Records to process:
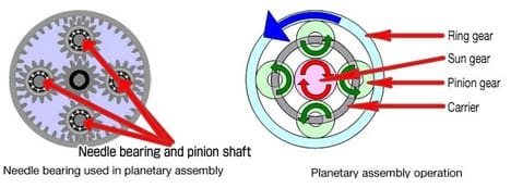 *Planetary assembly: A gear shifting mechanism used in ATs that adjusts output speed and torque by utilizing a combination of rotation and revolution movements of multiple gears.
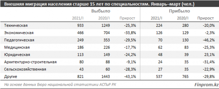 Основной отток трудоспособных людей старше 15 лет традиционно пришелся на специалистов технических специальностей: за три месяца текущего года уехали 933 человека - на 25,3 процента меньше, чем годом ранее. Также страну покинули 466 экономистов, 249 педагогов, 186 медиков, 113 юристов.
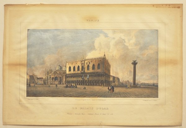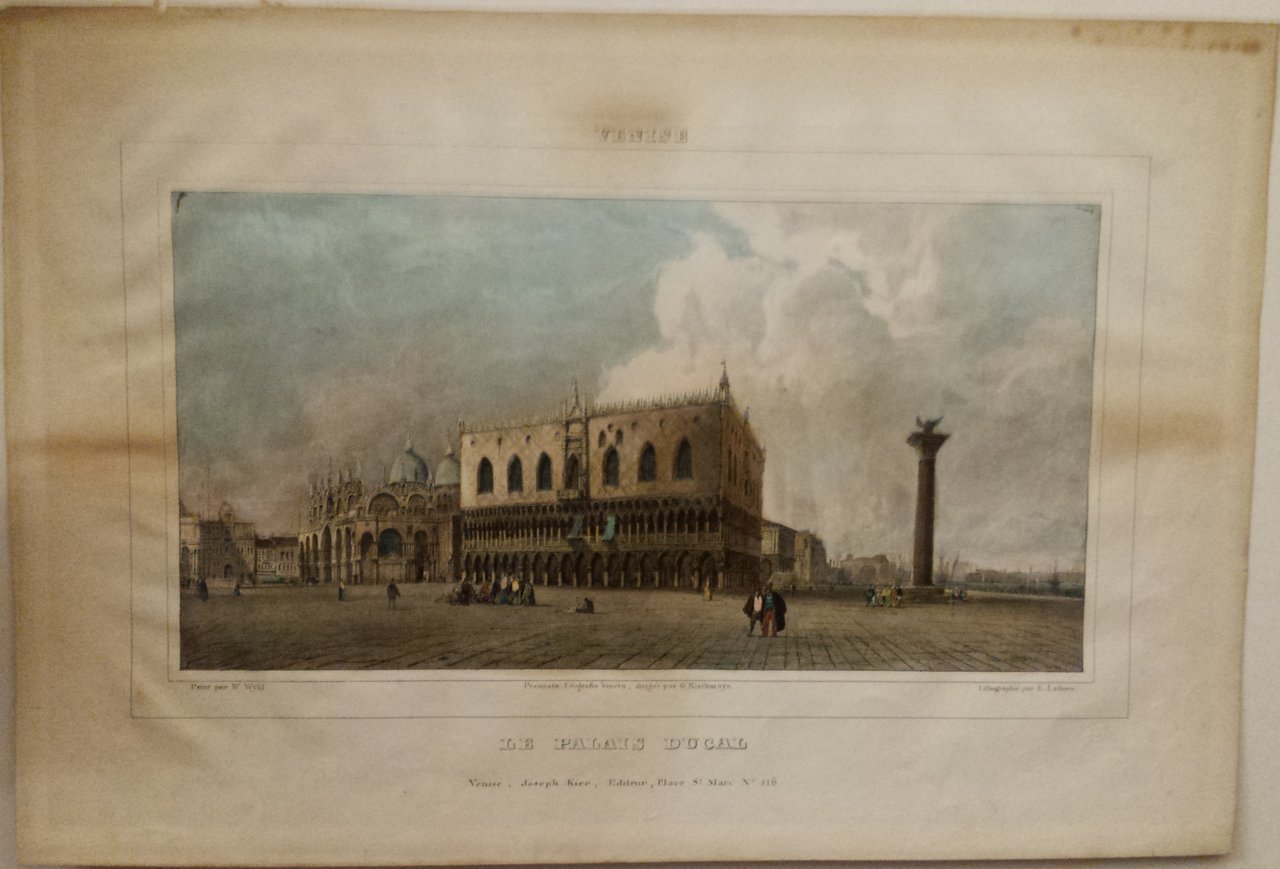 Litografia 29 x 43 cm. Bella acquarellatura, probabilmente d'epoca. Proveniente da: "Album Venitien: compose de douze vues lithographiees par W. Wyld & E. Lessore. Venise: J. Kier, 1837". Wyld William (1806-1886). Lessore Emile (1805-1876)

==

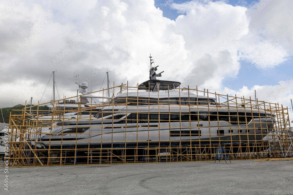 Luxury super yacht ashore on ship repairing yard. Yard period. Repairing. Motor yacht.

==

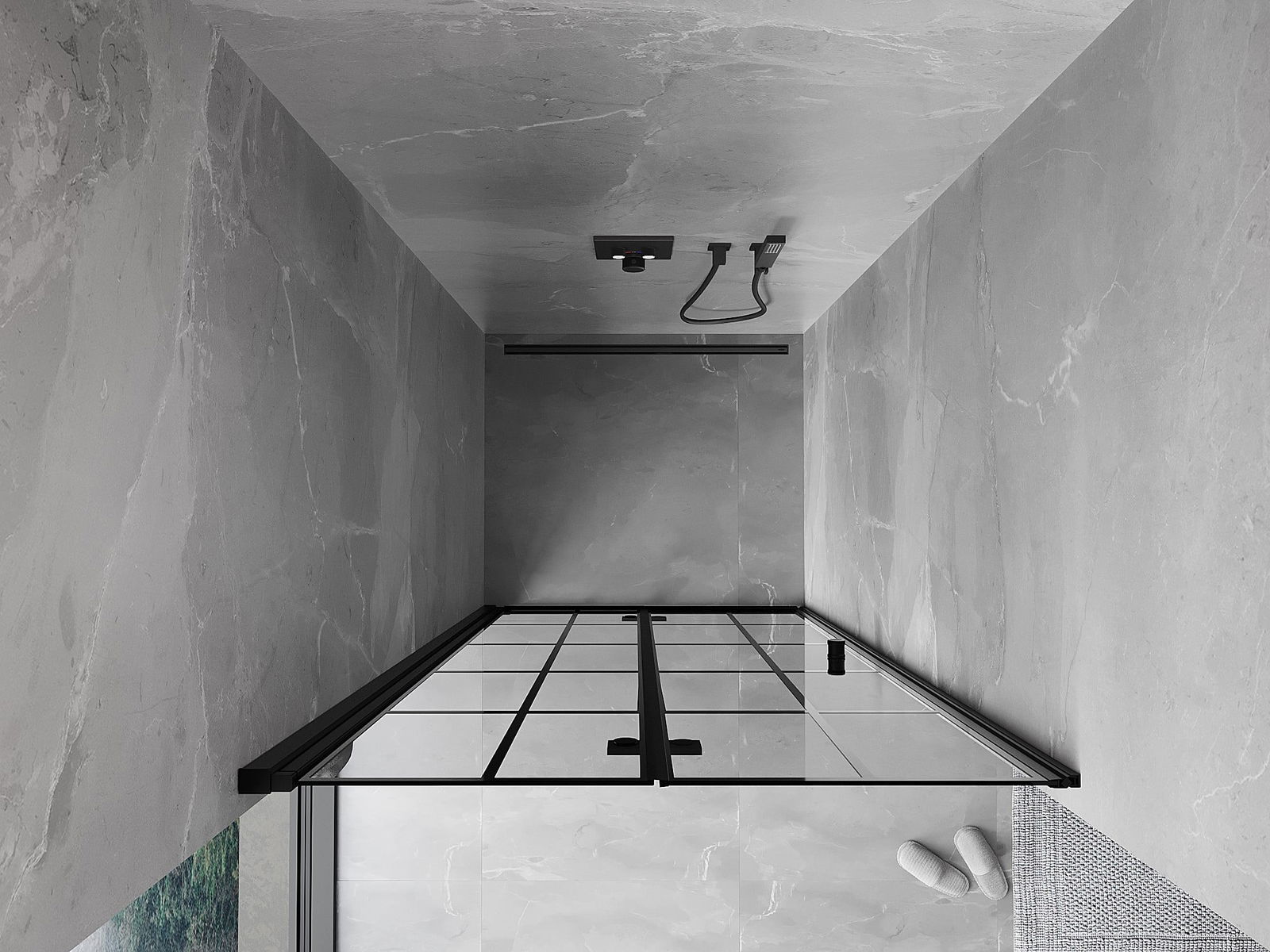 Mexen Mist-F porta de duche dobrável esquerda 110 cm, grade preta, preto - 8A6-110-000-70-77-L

Required action: Repeat exactly the lines above, beginning at the one containing "of multiple gears." and ending at the one containing "Litografia 29 x". Do not carry over any pictures.

Output for this exercise:
 *Planetary assembly: A gear shifting mechanism used in ATs that adjusts output speed and torque by utilizing a combination of rotation and revolution movements of multiple gears.
 Основной отток трудоспособных людей старше 15 лет традиционно пришелся на специалистов технических специальностей: за три месяца текущего года уехали 933 человека - на 25,3 процента меньше, чем годом ранее. Также страну покинули 466 экономистов, 249 педагогов, 186 медиков, 113 юристов.
 Litografia 29 x 43 cm. Bella acquarellatura, probabilmente d'epoca. Proveniente da: "Album Venitien: compose de douze vues lithographiees par W. Wyld & E. Lessore. Venise: J. Kier, 1837". Wyld William (1806-1886). Lessore Emile (1805-1876)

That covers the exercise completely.